Tony Maretic - CFO, Secretary, and Treasurer
Good morning. Before we begin, I would like to direct you to our website at cityofficereit.com, where you can download our fourth-quarter earnings press release and a supplemental information package. Certain statements made today that are not in the present tense or that discuss the Company's expectations are forward-looking statements within the meaning of the federal securities laws.
Although the Company believes that these expectations reflected in such forward-looking statements are based upon reasonable assumptions, we can give no assurance these expectations will be achieved. Please see the forward-looking statements disclaimer in our fourth-quarter earnings press release for factors that could cause material differences between forward-looking statements and actual results.
The earnings release and supplemental package both include a reconciliation of non-GAAP measures that will be discussed today to their most directly comparable GAAP financial measures. I will review our financial results after Jamie Farrar, our Chief Executive Officer, discusses some of the quarter's operational highlights. I will now turn the meeting over to Jamie.
Jamie Farrar - CEO and Director
Good morning and welcome to City Office REIT's fourth-quarter 2014 earnings call.

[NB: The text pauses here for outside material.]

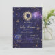 Convite Sol Celestial,Lua,Estrelas Céu Noturno Roxo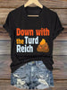 Women's Down With The Turd Reich Printed V-Neck T-Shirt

With me today is Tony Maretic, our Chief Financial Officer; and Greg Tylee, our President and Chief Operating Officer.
I'd like to begin by stating that we are pleased with our fourth-quarter results and the progress that has been made on a number of important fronts. Our management team has been focused on executing specific initiatives that we believe will create significant value. These initiatives include sourcing attractive acquisition opportunities as well as various internal measures designed to unlock value at our existing properties.
Specific examples of these initiatives include extending lease maturities, increasing net operating income by leasing vacant space, and reducing operating costs by investing in our properties. Before I get into specifics concerning our performance during the quarter, I'd like to briefly touch upon what we are seeing in a number of our markets.
Overall, we continued to see strong underlying real estate fundamentals in our target markets and the increasing demand for office space from a variety of users. Boise, a market where we have a significant lease rollover event at the end of 2015, continues to be a strong performer. The downtown Boise submarket absorbed over 200,000 feet in 2014, and vacancy has steadily declined to 7.4% at quarter end.
Dallas, a market we acquired a property during the year, continues to be a leader in national employment growth. It achieved year-over-year job growth of approximately 3.7%. Dallas has now absorbed space for 18 consecutive quarters.
Denver, one of our key markets, has continued to achieve strong performance. Denver's economy is driven by a diverse set of industries, including aerospace; aviation; bioscience; broadcasting and telecommunications; energy; financial services; and information technology. Despite the presence of energy companies, the growth in other sectors has driven Denver's unemployment rate to approximately 4% at quarter end, and its leasing rates have increased for 13 consecutive quarters. Overall, leasing rates achieved a 4.3% year-over-year increase and are at $23.15 on a full-service gross equivalent.
Finally, Orlando is a market where we continue to have significant lease-up opportunity at our downtown Central Fairwinds property. Overall, Orlando's office market continues to lag many of our other markets, but it's slowly recovering. Its fourth-quarter leasing activity resulted in 160,000 square feet of positive net absorption, which pushed 2014 net absorption figures into positive territory.
However, employment growth continues to remain strong, with a year-over-year increase of 4.3%. We continue to see steady traffic at Central Fairwinds, and our in-place and committed occupancy has increased from 63% at the beginning of 2014 to 77% at December 31.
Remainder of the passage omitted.